DIRECTIONS FOR THIS TASK ▸ Once you find the line with "功労表彰・貢献表彰受彰者と植田町長" in the entries below, return exactly every line from it through the line with "Figura 9. Manual".

START DATASET CONTENT

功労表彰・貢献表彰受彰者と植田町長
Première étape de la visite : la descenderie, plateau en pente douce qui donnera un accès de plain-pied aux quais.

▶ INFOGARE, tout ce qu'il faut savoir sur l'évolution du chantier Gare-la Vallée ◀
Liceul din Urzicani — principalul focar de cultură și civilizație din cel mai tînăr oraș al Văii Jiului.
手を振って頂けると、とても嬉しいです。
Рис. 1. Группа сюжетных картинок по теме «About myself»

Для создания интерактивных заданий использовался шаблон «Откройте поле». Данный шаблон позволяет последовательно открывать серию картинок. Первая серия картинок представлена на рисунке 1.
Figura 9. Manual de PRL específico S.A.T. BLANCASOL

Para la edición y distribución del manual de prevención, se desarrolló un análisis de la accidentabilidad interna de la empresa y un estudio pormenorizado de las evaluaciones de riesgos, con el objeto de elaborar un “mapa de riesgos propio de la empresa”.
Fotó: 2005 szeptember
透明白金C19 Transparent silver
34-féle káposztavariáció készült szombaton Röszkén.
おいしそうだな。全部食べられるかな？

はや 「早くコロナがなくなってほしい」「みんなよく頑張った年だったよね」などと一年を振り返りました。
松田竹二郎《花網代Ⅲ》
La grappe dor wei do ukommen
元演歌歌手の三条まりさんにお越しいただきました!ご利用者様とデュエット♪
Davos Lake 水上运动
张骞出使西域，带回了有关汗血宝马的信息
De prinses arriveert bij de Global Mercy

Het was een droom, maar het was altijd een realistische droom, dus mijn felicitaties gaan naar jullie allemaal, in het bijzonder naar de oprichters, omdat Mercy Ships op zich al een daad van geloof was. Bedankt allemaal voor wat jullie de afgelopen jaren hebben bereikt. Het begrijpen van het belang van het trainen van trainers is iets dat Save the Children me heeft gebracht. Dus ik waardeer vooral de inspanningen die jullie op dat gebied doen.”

END DATASET CONTENT
START DATASET CONTENT

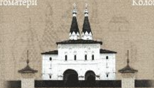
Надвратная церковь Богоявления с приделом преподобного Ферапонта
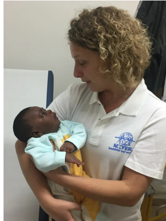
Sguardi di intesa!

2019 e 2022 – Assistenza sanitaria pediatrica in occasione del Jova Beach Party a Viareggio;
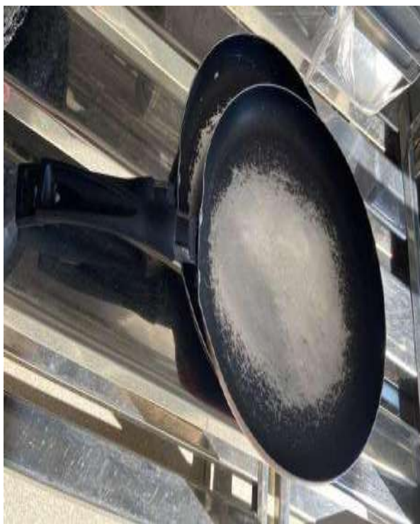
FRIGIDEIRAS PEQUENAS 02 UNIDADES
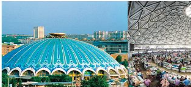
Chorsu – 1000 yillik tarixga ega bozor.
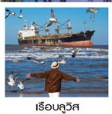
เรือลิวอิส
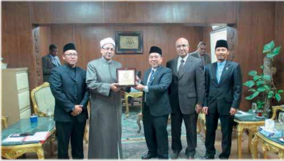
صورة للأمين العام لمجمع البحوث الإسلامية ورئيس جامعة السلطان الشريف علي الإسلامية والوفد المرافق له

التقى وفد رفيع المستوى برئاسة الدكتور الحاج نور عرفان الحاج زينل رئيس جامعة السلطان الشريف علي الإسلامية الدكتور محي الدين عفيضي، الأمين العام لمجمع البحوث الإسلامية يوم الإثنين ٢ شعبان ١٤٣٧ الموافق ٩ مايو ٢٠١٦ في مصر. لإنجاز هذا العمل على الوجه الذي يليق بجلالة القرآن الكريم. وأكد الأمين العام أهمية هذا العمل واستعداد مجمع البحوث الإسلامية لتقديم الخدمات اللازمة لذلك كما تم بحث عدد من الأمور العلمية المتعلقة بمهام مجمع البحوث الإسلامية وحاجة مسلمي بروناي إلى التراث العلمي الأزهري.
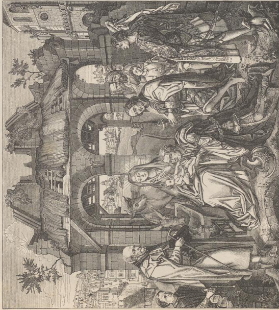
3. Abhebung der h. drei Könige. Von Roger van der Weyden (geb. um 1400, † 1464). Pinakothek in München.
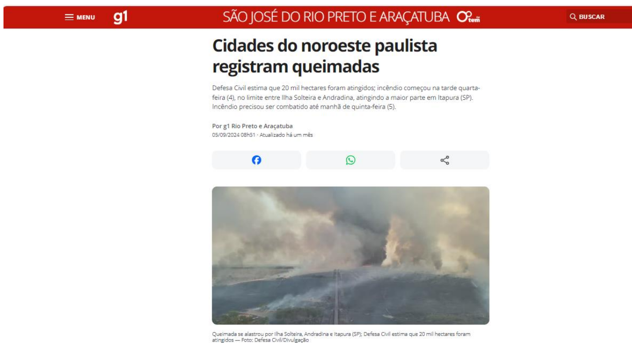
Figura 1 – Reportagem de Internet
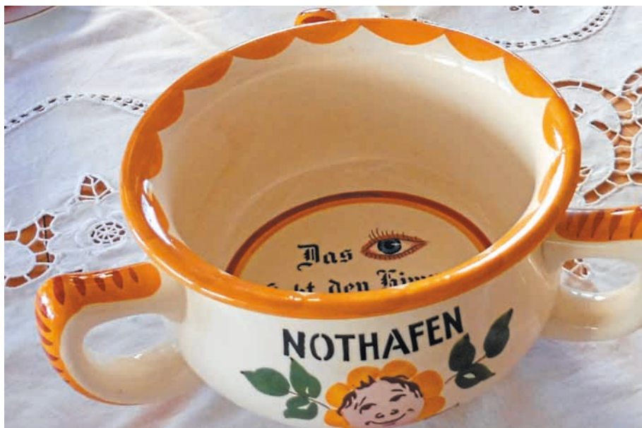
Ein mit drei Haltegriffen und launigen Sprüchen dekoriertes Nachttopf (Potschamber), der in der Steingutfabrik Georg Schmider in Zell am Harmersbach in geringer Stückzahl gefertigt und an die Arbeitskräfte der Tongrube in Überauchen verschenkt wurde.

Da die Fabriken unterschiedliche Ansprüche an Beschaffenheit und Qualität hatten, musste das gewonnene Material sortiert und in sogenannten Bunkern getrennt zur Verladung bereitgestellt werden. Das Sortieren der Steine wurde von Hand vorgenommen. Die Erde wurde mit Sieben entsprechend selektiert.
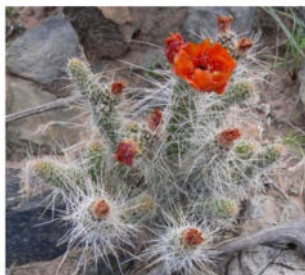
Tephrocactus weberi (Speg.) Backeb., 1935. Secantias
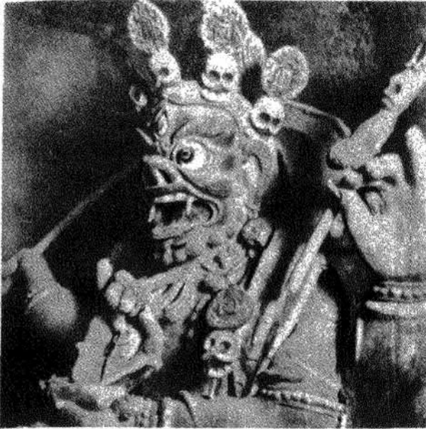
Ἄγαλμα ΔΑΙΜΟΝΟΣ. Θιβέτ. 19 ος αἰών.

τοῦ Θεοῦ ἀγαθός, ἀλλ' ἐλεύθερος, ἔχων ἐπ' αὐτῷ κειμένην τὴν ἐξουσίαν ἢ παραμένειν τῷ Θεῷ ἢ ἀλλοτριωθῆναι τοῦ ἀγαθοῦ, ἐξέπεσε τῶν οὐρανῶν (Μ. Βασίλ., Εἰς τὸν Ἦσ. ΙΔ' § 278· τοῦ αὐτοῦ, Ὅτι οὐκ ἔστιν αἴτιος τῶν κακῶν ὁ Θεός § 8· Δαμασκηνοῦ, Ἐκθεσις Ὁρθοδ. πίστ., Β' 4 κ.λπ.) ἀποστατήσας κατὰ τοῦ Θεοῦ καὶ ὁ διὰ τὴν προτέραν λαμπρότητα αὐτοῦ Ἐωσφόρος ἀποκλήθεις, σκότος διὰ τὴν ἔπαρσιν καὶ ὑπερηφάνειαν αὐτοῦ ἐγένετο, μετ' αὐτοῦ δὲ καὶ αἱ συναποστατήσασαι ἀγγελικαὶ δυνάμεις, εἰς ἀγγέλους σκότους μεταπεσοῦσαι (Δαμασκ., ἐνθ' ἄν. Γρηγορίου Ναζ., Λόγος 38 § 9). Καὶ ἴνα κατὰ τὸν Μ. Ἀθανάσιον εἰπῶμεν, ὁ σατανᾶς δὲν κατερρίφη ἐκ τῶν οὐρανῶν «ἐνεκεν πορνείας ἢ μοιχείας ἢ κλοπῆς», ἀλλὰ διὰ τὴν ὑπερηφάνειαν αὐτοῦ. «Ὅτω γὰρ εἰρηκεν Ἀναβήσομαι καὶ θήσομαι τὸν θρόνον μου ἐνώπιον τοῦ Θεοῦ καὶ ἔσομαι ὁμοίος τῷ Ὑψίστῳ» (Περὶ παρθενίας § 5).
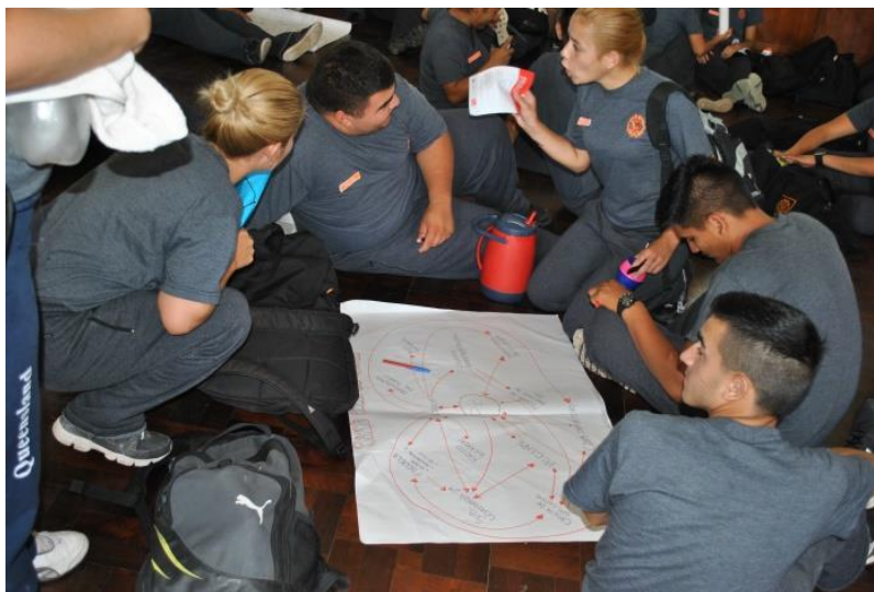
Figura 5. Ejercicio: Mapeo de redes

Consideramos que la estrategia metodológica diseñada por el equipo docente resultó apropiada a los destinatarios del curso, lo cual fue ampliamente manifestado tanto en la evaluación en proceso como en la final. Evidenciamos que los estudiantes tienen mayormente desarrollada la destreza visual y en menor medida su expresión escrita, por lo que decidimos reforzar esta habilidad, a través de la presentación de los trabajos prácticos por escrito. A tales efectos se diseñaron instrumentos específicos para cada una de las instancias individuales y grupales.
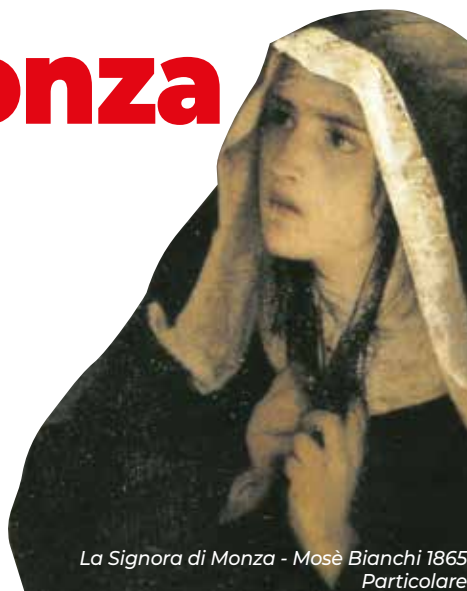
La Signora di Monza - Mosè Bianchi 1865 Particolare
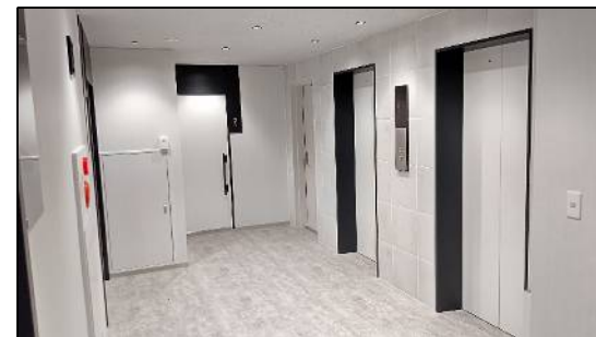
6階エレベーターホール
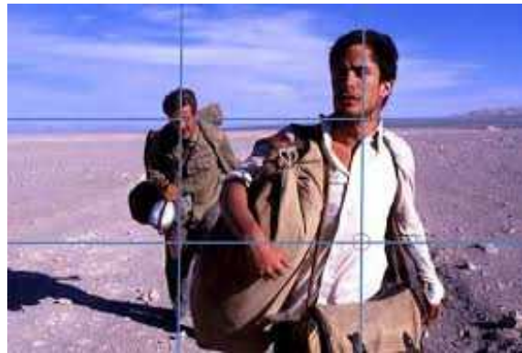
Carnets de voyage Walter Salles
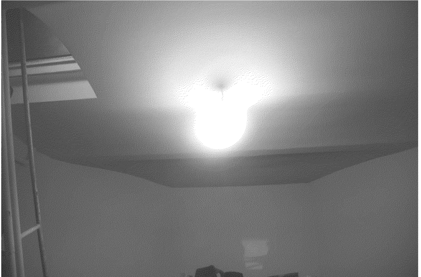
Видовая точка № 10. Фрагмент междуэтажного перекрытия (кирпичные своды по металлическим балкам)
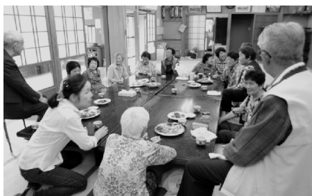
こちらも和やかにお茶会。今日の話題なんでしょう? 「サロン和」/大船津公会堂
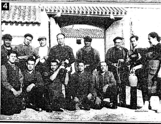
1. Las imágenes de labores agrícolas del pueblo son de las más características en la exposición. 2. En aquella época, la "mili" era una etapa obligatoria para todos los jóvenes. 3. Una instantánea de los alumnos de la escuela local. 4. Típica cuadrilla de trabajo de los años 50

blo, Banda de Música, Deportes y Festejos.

END DATASET CONTENT

RESPONSE TO THIS EXERCISE ▸
功労表彰・貢献表彰受彰者と植田町長
Première étape de la visite : la descenderie, plateau en pente douce qui donnera un accès de plain-pied aux quais.

▶ INFOGARE, tout ce qu'il faut savoir sur l'évolution du chantier Gare-la Vallée ◀
Liceul din Urzicani — principalul focar de cultură și civilizație din cel mai tînăr oraș al Văii Jiului.
手を振って頂けると、とても嬉しいです。
Рис. 1. Группа сюжетных картинок по теме «About myself»

Для создания интерактивных заданий использовался шаблон «Откройте поле». Данный шаблон позволяет последовательно открывать серию картинок. Первая серия картинок представлена на рисунке 1.
Figura 9. Manual de PRL específico S.A.T. BLANCASOL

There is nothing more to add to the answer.